Festifall is here, and that means one of two things, depending on your outlook: It could mean the Diag has become an intraversable morass with strangers blocking all major intersections, free candy flying at your head and enough science-fair boards to give you a middle school flashback. But from where I’m standing, Festifall is a world of opportunities, especially arts opportunities. And you owe it to yourself to get involved if you have any interest whatsoever.

While students can elect to fill creative expression requirements, the University doesn’t mandate that we take arts classes, which is definitely for the better. If you put someone in an arts class who doesn’t want to be there, they’ll bring everyone down. But while you don’t have to get involved in the arts, that doesn’t mean you shouldn’t. You really really should, for realsies. There are so many arts groups on campus showing themselves off on the Diag today that you’re almost guaranteed to find something you’ll like. And trust me, it’s worth the time to get involved, even if you’re a freshman taking college-level classes for the first time and intimidated by the time pressure. Nay, especially if you fit that description.

In my freshman year, one of my East Quad neighbors recommended that I join the Glee Club after hearing choir music emanating from my speakers. When I first auditioned, I was super excited, and then ecstatic to actually be allowed to join the group. During the first few weeks, I kept leaving my dorm way earlier than needed and got to rehearsal before anyone else, just because I couldn’t wait to be singing with the dudes. Over time, my departures got later and later, and the time commitment wore on me. The workload of my classes was picking up and rehearsals were at night. Nights are for screwing around on the Internet, or, if you’re my parents, homework.

But each time I got to rehearsal, I forgot any misgivings about joining Glee Club. As soon as that first piano key was struck to begin warm-ups, I was in a whole different mindset. And that’s the influence of the arts. Whatever is stressing you out — and believe me newbies, many things will stress you out — doing something artistic you really care about can make it all go away, if only for a short while. Whether you want to break dance or hip-hop dance or ballet dance or contemporary dance or ice dance or ice carve or sing a cappella or sing classical or act in plays or act in musicals or knit, something at Festifall will pique your interest. And even if you don’t have the time or crowd-maneuvering patience to deal with Festifall, do some independent research on Maize Pages and find your ideal group. I’m not going to quote random studies or pull data out of my ass to tell you that doing something artistic every so often will help you manage college. I’m just going to say it worked for me, and if you let it, it will work for you.

But maybe participating in the arts just absolutely, positively isn’t for you. I won’t hold that against you. Arts activities aren’t for everyone, and if you aren’t enjoying them, they’re pointless. Still, I don’t think there’s a single one of you who can honestly say, except in a hipster-ironic way, “I don’t like movies, music or visual art.” So make an effort to experience something artsy. Preferably see a local band or a University performance or art exhibit. Or go see a show at The Ark or Blind Pig. You could start out attending a digital music performance, try taking a class, and before you know it you’re a Performing Arts Technology major. Or if you’re not quite that inspired, it will make you seem indie and mysterious at parties. But I predict the arts will do you wonders.
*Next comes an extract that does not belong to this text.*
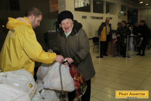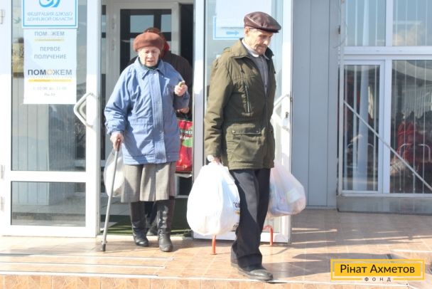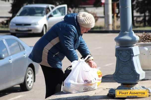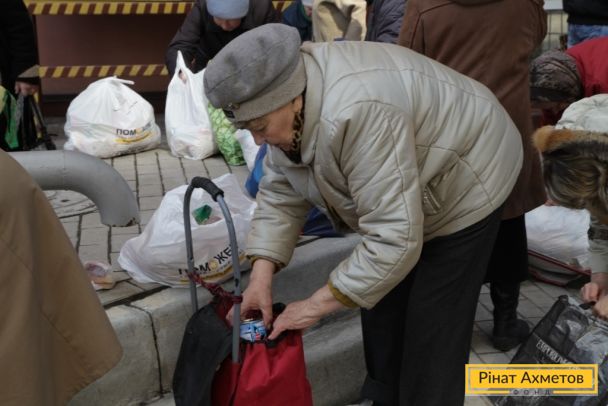 Літні люди Київського й Калінінського районів Донецька отримують набори виживання від Штабу Ахметова, 3 квітня

Art affects everyone in different ways because it serves so many purposes. Art can make you think, raise awareness for social issues or simply be a form of self-expression. But a lot of art exists solely to make you happy, and a lot of people seem to forget about that in the bustle of the college transition. Even jaded seniors who know the ins and outs of the University probably haven’t heard of more than a third of the arts groups on campus, which could be easily fixed with a little stroll through the Diag today. The new year is a chance to reinvent yourself. When you do, make the arts a little part of your life. It will make you a happier person.